## Instructions to follow
Every line below from the one with "Лица крымской промышленности: Лариса" through the one with "在网格交易页面,选择AI智能" should be retyped exactly, both ends included; no other lines and no pictures.

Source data
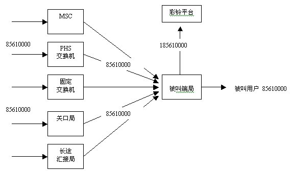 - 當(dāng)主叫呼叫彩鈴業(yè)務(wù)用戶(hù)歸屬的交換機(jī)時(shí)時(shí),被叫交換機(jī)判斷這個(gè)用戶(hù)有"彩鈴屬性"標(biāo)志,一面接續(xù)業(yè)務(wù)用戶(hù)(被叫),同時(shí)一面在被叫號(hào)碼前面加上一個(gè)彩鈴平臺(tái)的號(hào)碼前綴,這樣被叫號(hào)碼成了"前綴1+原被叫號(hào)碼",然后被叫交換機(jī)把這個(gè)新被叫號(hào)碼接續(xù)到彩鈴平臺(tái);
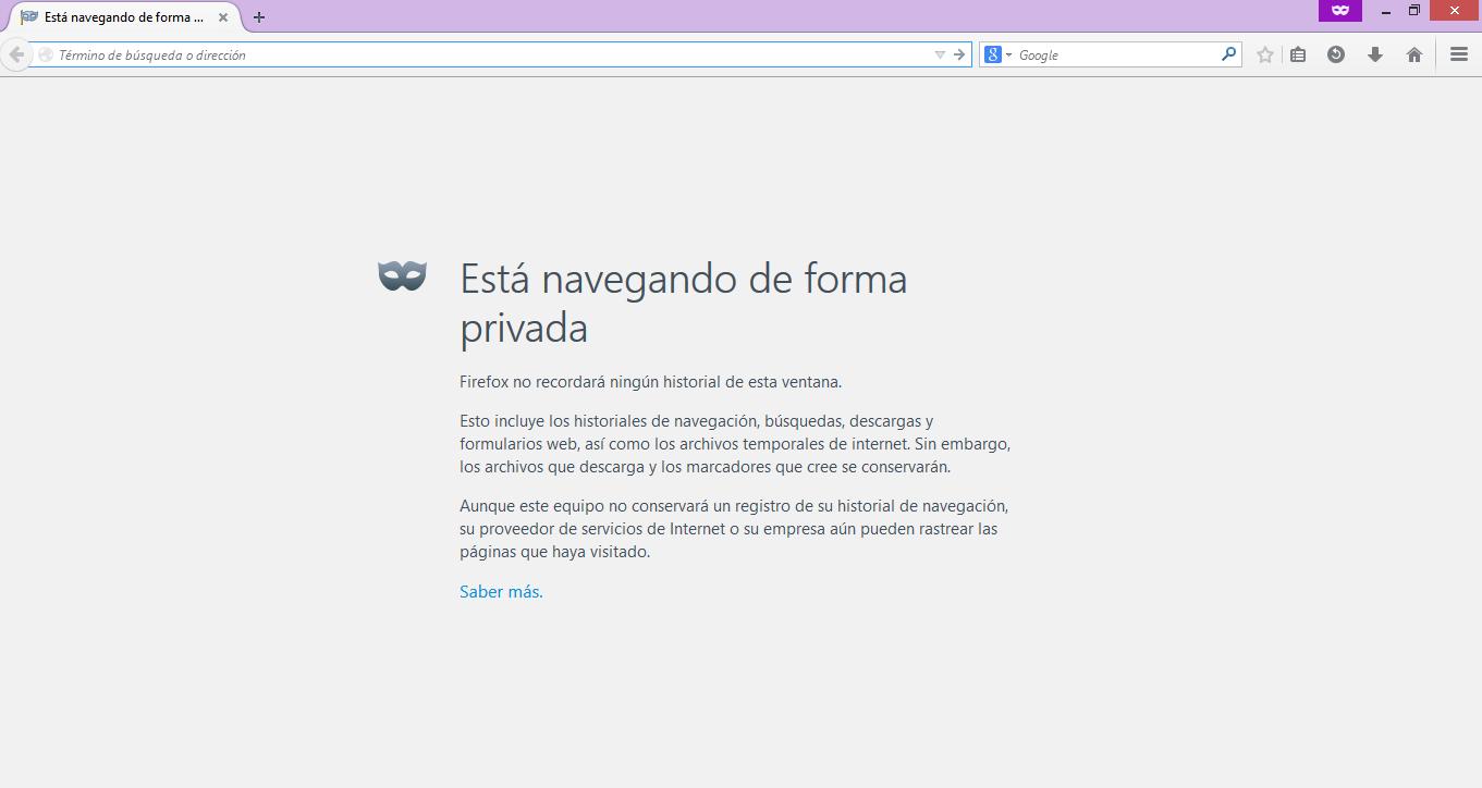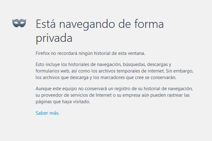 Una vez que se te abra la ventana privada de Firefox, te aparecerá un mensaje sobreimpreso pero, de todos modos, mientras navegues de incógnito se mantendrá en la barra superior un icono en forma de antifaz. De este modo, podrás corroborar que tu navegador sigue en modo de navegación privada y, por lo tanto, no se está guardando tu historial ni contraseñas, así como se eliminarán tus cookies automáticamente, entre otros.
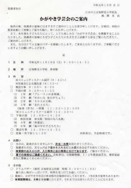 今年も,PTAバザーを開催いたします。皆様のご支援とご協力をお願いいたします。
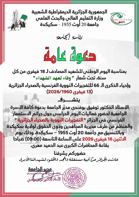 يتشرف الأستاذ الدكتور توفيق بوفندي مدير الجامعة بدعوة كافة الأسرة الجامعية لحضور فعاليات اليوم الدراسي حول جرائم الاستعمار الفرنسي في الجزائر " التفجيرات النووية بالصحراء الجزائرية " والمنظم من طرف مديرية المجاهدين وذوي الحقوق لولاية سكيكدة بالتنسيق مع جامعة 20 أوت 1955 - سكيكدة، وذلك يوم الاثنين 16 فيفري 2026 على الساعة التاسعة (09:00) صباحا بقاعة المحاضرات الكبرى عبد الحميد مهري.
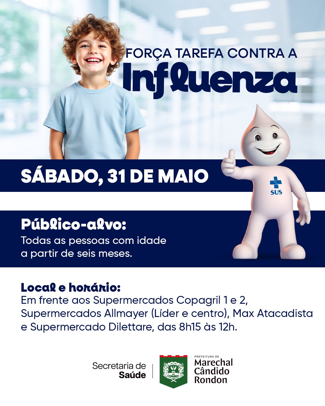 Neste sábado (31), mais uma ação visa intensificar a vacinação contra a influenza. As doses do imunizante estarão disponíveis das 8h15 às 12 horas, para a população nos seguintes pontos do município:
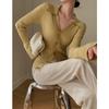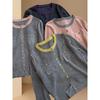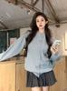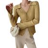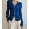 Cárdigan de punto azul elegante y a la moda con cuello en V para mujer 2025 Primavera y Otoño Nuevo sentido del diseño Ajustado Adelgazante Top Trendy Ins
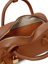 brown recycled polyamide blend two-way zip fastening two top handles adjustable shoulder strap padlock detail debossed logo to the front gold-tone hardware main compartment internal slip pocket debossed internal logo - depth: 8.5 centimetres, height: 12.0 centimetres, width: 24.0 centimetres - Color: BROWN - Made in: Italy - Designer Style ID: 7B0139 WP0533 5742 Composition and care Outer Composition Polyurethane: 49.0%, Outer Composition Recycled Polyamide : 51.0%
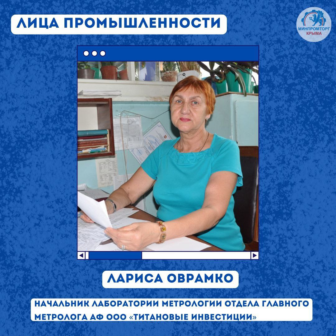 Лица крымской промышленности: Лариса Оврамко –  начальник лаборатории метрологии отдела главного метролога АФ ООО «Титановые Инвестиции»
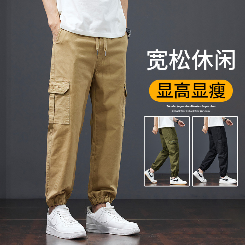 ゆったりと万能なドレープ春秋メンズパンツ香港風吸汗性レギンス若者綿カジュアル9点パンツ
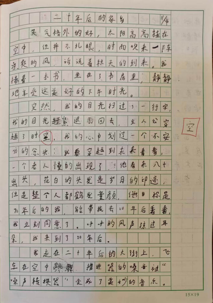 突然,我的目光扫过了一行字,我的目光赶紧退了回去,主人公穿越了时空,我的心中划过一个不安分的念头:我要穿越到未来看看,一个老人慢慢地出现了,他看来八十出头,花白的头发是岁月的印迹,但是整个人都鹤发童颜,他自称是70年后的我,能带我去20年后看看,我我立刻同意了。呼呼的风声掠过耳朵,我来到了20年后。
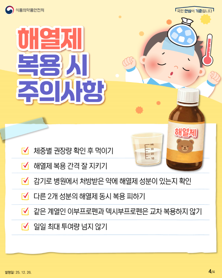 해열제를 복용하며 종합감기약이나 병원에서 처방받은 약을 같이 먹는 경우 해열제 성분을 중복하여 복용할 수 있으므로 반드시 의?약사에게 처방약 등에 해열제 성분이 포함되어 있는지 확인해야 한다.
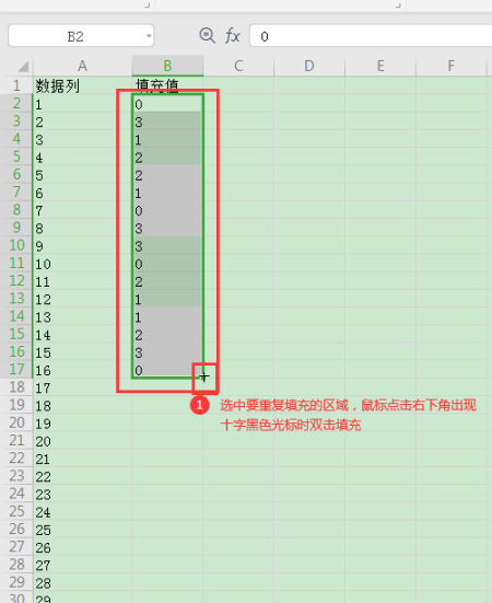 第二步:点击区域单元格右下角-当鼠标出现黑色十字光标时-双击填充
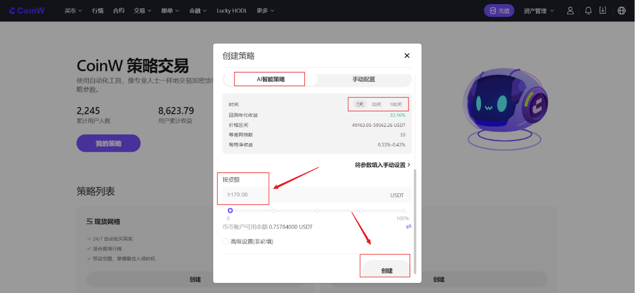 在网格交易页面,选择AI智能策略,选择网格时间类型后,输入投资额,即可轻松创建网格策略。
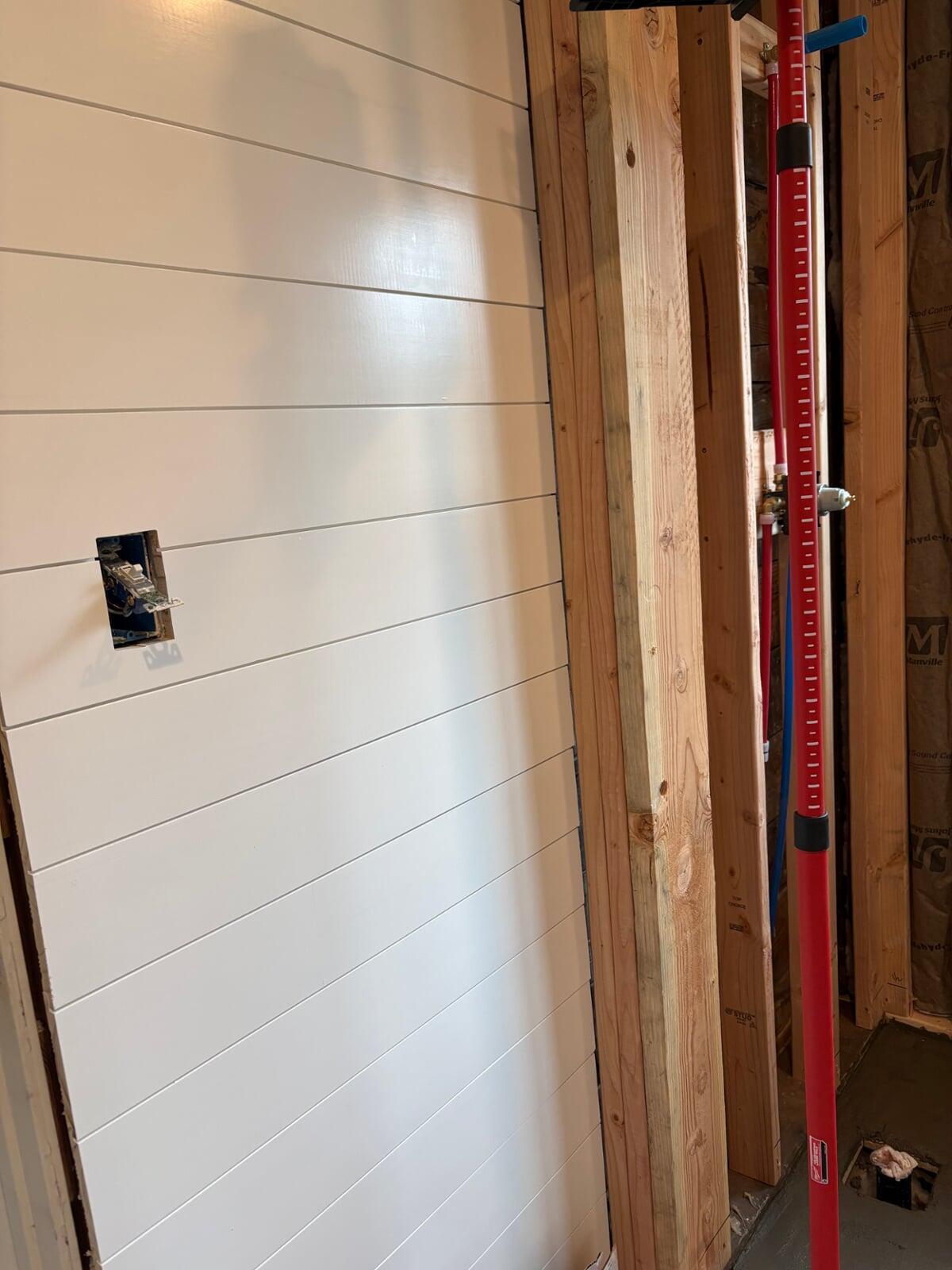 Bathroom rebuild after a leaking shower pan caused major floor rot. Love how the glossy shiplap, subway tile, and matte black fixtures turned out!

## Written solution
 Лица крымской промышленности: Лариса Оврамко –  начальник лаборатории метрологии отдела главного метролога АФ ООО «Титановые Инвестиции»
 ゆったりと万能なドレープ春秋メンズパンツ香港風吸汗性レギンス若者綿カジュアル9点パンツ
 突然,我的目光扫过了一行字,我的目光赶紧退了回去,主人公穿越了时空,我的心中划过一个不安分的念头:我要穿越到未来看看,一个老人慢慢地出现了,他看来八十出头,花白的头发是岁月的印迹,但是整个人都鹤发童颜,他自称是70年后的我,能带我去20年后看看,我我立刻同意了。呼呼的风声掠过耳朵,我来到了20年后。
 해열제를 복용하며 종합감기약이나 병원에서 처방받은 약을 같이 먹는 경우 해열제 성분을 중복하여 복용할 수 있으므로 반드시 의?약사에게 처방약 등에 해열제 성분이 포함되어 있는지 확인해야 한다.
 第二步:点击区域单元格右下角-当鼠标出现黑色十字光标时-双击填充
 在网格交易页面,选择AI智能策略,选择网格时间类型后,输入投资额,即可轻松创建网格策略。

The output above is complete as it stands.